Во время прогулки я тоже, словно вливая наркотик, постоянно шептал Момоко на ушко о любви. Как-то незаметно я стал отождествлять Момоко с помешанной Кинуэ, казалось, наша взаимная любовь все та же, и я впервые свободно дышал среди ошибок и заблуждений нашего мира.

И Кинуэ, верившая, что она красавица, и Момоко, верившая, что она любима, обе они отрицали реальность, но в противоположность Момоко, которой требовалось чужая помощь, Кинуэ от других не нужно было даже слов. Вот бы поднять Момоко до такой высоты! Я воспитал свои эмоции, другими словами, любовь, и не так уж лгал, произнося «люблю». Но в том, что душа Момоко, согласная с действительностью, хотела эту действительность отвергнуть, скорее всего, не было противоречия. Чтобы сделать из нее женщину, готовую, подобно Кинуэ, сражаться со всем миром, обычные средства не годились.

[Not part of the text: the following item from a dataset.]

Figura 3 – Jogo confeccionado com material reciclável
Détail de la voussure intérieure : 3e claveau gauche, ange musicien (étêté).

Но при бесконечном повторении священное слово «люблю» что-то меняет в душе самого произносящего. Я чувствовал, будто люблю, чувствовал, как отпущенное на волю запретное слово пьянит душу. Это чем-то напоминает желание новичка, севшего первый раз за руль: он хочет почувствовать себя летчиком-испытателем, который должен принять решение в неординарной ситуации.

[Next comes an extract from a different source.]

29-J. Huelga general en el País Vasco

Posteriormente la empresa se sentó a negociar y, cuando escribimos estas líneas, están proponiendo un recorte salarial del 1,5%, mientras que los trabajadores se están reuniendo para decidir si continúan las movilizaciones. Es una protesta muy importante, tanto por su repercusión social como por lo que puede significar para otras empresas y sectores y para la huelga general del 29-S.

Момоко требовала типичного для такой, как она, несколько старомодной девушки — лишь чистоты и явных доказательств «духовного», чтобы удовлетворить ее, достаточно было слов. Слова, которые, бросив на землю заметную тень, взмывали в воздух, в сущности, не были моими. Я родился, чтобы воспользоваться ими. Хотя, может статься (эта сентиментальная отговорка меня сердит), что моим истинно родным языком, который я скрывал от людей, был язык любви.

И на дороге, накрытой сетью теней, что отбрасывали зимние деревья, я, как семья ничего не замечающего, но неизлечимо больного человека, которая продолжает говорить: «Ты поправишься!», продолжал горячо шептать Момоко о любви.



Когда мы устроились в кафе, я тоном, словно спрашивал у Момоко совета и собирался ему следовать, рассказал о характере Нагисы и изложил нужную стратегию борьбы с ней. Конечно, характер Нагисы я слепил произвольно.

Нагиса не согласится расстаться со мной просто потому, что мы с Момоко помолвлены и Момоко меня любит. Она станет меня презирать и доставлять всякие неприятности. Эта женщина будет бороться против слова «любовь» и сделает все, чтобы разрушить чувство изнутри. На молодых мужчинах, которыми после женитьбы будут гордиться как хорошими мужьями, стоит клеймо Нагисы, она из тех женщин, которые взяли за правило втайне издеваться над семейной жизнью других. Но и у этой женщины есть человеческие слабости. Она не пощадит любовь, но так как сама богата, то в некотором роде уважает и сочувствует женщинам, которые «борются за жизнь». Я часто слышал из уст Нагисы подобные примеры. Больше всего сердце Нагисы тронет то, что она помеха не любви, а богатству и достойной жизни. Как нам следует поступить в таком случае?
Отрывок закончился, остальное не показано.